P.K. Lin gave the first example of a non-reflexive Banach space
$(X,\|\cdot\|)$ with the fixed point property for nonexpansive mappings
and showed this fact for $(\ell^1, \|\cdot\|_1)$ with the equivalent norm
$\|\cdot\|$ given by
$$\|x\| = \sup_{k\in\N}\,\frac{8^k}{1+8^k}\,\sum_{n=k}^{\ii}\,|x_n|,\
\text{for all} \ x=(x_n)_{n\in\N}\in \ell^1\ .$$
We wonder $(c_0,\|\cdot\|_{\ii})$ analogue of P.K. Lin's work and we
give positive answer if functions are affine nonexpansive.
In our work, for $x={(\xi _{k})}_{k}\in c_0$, we define
\beq
\vvvert x \vvvert:&=&\lim_{p \rightarrow \ii}\sup_{k\in \N}\gamma_k
{\left(\mathop{\sum }\limits_{j=k}^{\ii}\frac{{\left\vert \xi
_{j}\right\vert}^p}{2^j} \right)}^{\frac{1}{p}}\;\text{
where}\;\gamma_k\uparrow_k 1,\, \gamma_k\,\text{is strictly increasing},
\eeq
then we prove that when $\gamma_1>\frac{2}{3}$, $\left(
c_{0},\; \vvvert\cdot \vvvert \right) $ has the fixed point property
for affine ${\vvvert\cdot\vvvert}$-nonexpansive self-mappings.

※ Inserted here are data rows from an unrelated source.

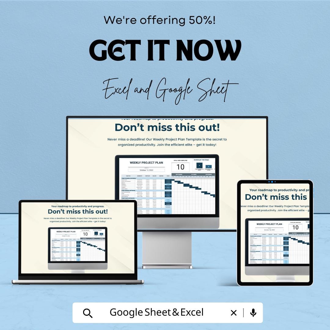 Boost your project management efficiency with this Weekly Project Plan Template! Perfect for professionals who need an organized and efficient way to track tasks, timelines, and overall project progress, this template is available in Excel and Google Sheets for seamless use across platforms.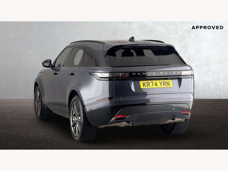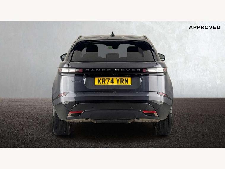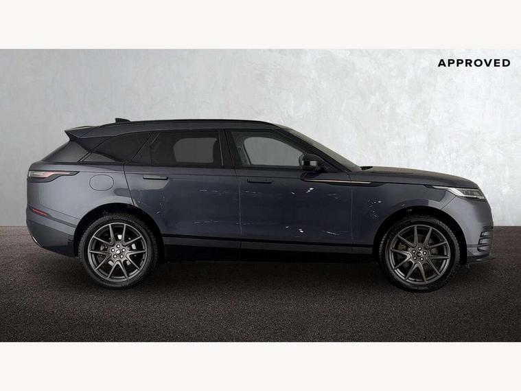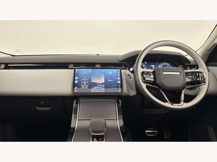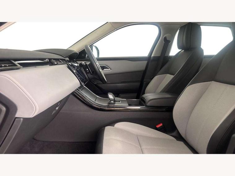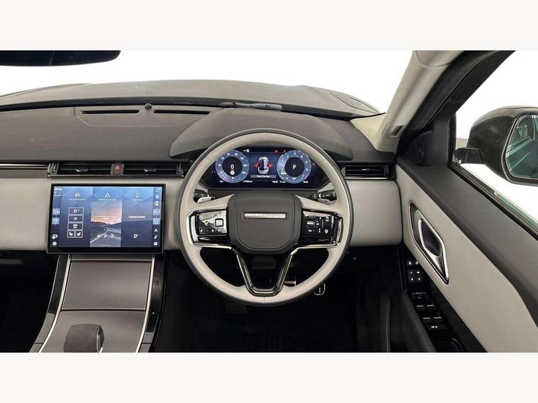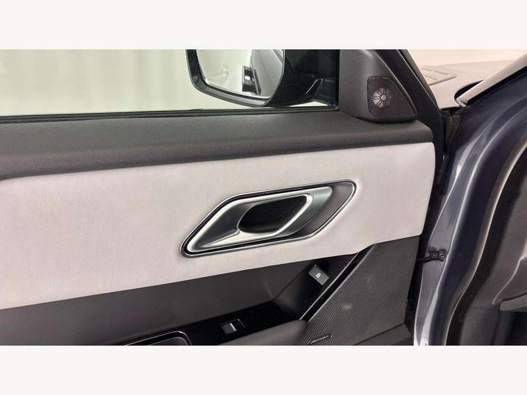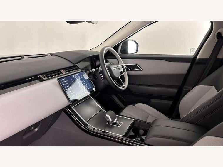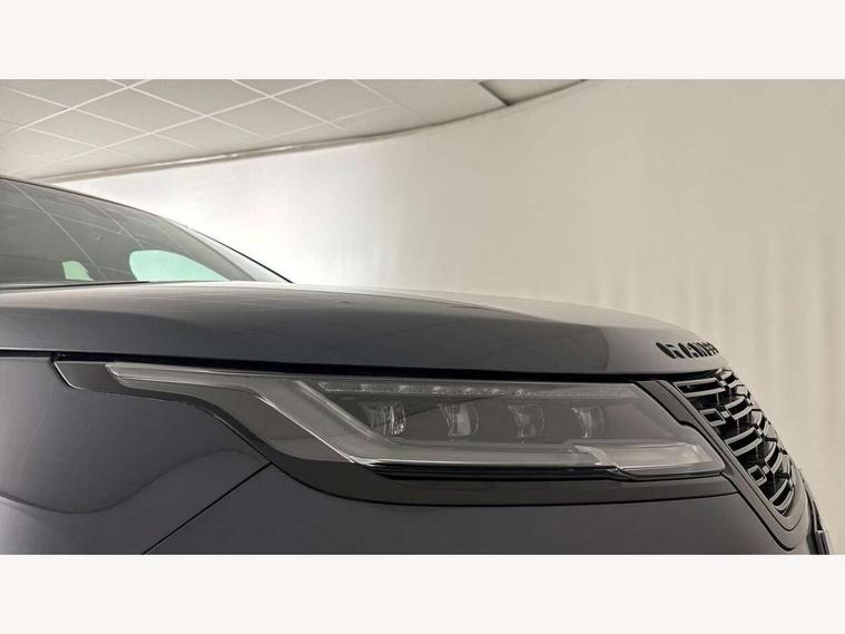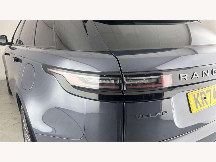 Adaptive cruise control with steering assist, Android Auto, Apple CarPlay, Blind spot assist, Bluetooth connectivity, Brake pad wear indicator warning light, Driver condition monitor, eCall emergency call system, Front and rear parking aid, InControl remote, Land Rover InControl apps, Lane keep assist, Pivi pro with connected navigation, Rear collision monitor, Rear traffic monitor, Service indicator, Speed proportional electronic power assisted steering (EPAS), Traffic sign recognition with adaptive speed limiter, Trip computer, Voice control system, Wireless device charging, 7kw on board charger, 8 speed automatic transmission, AC/DC charging, Adaptive dynamics, All terrain progress control, Coil suspension system, Home charging cable, Open differential with torque vectoring by braking, Public charging cable, Single speed transfer box, DAB radio, Steering wheel mounted controls, 3rd brake light, Acoustic laminated windscreen, Auto dimming interior rear view mirror, Automatic headlamp levelling, Automatic headlights, Body coloured bumpers, Boot protection plate, Electric windows with one touch open/close and anti trap, Flush deployable exterior door handles, Follow me home headlights, Heated rear window with timer, Heated washer jets, Heated windscreen, Metal front tread plates, Metal load space scuff plates, Pixel LED headlights with signature DRL, Power fold, auto-dimming, heated door mirrors with memory and approach lights, Rain sensor windscreen wipers, Rear animated directional indicators, Rear fog lights, Rear side wing doors, Rear wash/wipe, Tailgate/boot lid spoiler, Trailer stability assist, Velar badge, 3 seat bench in 2nd row, Ambient lighting, Bright metal pedals, Carpet mats, Driver/passenger sunvisors with illuminated vanity mirrors, Ebony morzine headlining, Electrically adjustable steering column, Extended leather upgrade, Heated steering wheel, Isofix system on outer rear seats, Loadspace cover, Overhead lighting console, Overhead stowage for sunglasses, Passive front headrests, Rear air vents, Rear centre headrest, Single front passenger seat, Twin front cupholders, Twin sliding front centre armrest, Online pack with data plan - Velar, Power socket pack 2 - Velar, 380mm front brakes and 325mm rear brakes, 3x3 point rear seatbelts, Anti-lock braking system (ABS), Cornering brake control, Curtain airbags, Customer configurable autolock, Door side intrusion beams, Driver airbag, DSC - Dynamic Stability Control, Electronic brake force distribution, Electronic parking brake, Electronic traction control, Emergency braking, Front and rear seatbelt reminder, Hill descent control, Hill launch assist, Low traction launch, Passenger airbag, Power operated child locks, Rear airbags, Roll stability control, Side airbags, Tyre pressure monitoring system (TPMS), Unpainted brake calipers, Global lock and unlock switch on driver door, Immobiliser, Intrusion sensor, Keyless entry, Lock only switch on front passenger door, Locking wheel nuts, Perimetric alarm, Remote central locking, All season tyres,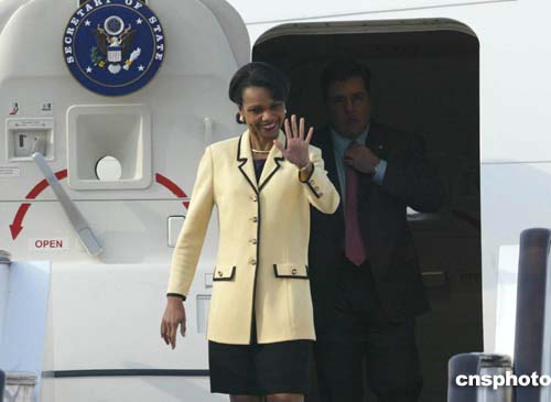 三月二十日下午,美國國務卿賴斯抵達北京機場。作者:廖文靜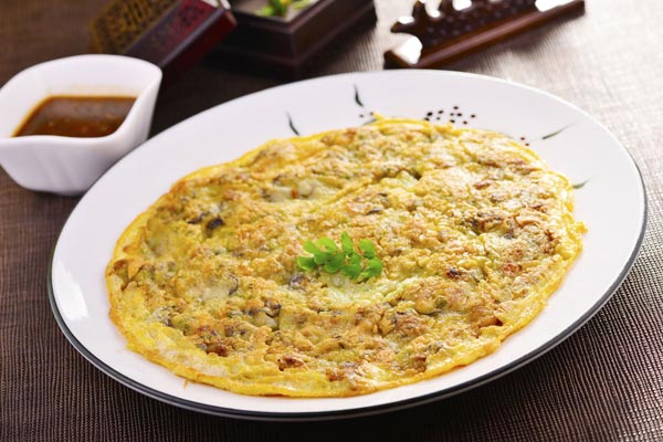 Oyster omelette served at Imperial Palace Restaurant. [Photo by Ye Jun / China Daily]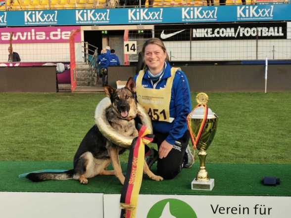 Mit meiner Baronesse von den Regensburger Donauauen startete ich erfolgreich auf der LGA Bayern Nord 2012 und holte den Vize-Sieg, der Bundessiegerprüfung daraufhin und auf der WUSV-Universal-WM 2013 wurden wir Vize-Weltmeister.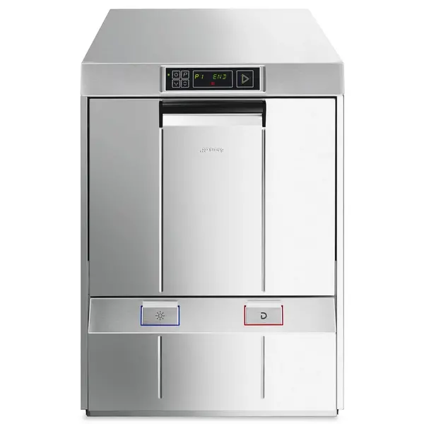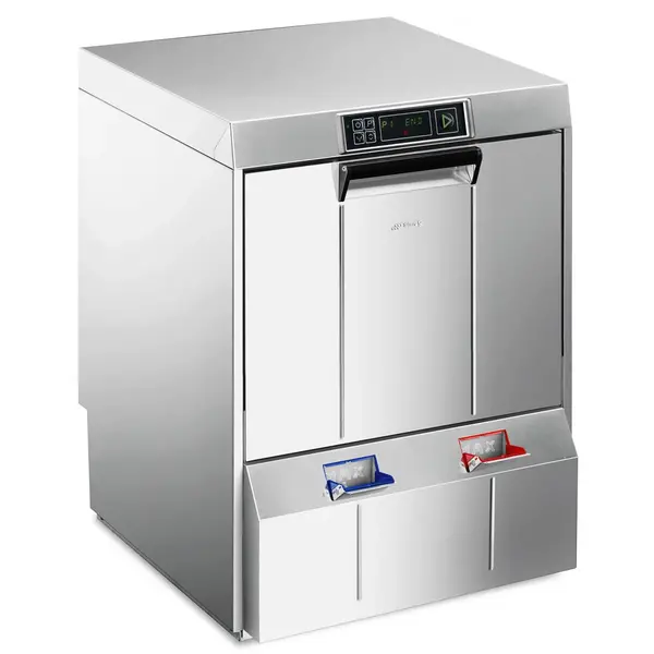 Dit dubbele reservoir voor vloeibare zeep en naglansmiddel kan aan de voorkant worden bevestigd van de SMEG glazenspoelmachines uit de series EASYLINE, TOPLINE en PURA (korfmaat 500 x 500 mm).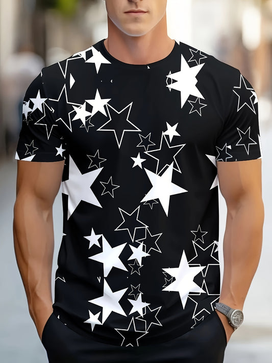 Men's Allover Color Blocking Stars Pattern Short Sleeve Crew Neck T-shirt For Summer, Casual Stylish Tee As Gift

Next, we generalize this result and show that if $\gamma_k\uparrow_k 1,\, \gamma_k\,\text{is strictly increasing}$, $\gamma_1>\frac{2}{3}$ and $\rho(\cdot)$ is an equivalent norm to the usual norm on $c_0$ such that $$\limsup_{n} \rho\left(\frac{1}{n}\sum_{m=1}^{n}\;x_m+x\right)=\limsup_{n} \rho\left(\frac{1}{n}\sum_{m=1}^{n}\;x_m\right)+\rho(x)$$ for every weakly null sequence ${(x_n)}_{n}$ and for all $x\in c_0$, then for every $\lambda>0$, $\;c_0$ with the norm ${\Vert\cdot\Vert}_\rho=\rho(\cdot)+\lambda\vvvert\cdot\vvvert$ has the FPP for affine ${\Vert\cdot\Vert}_\rho$-nonexpansive self-mappings.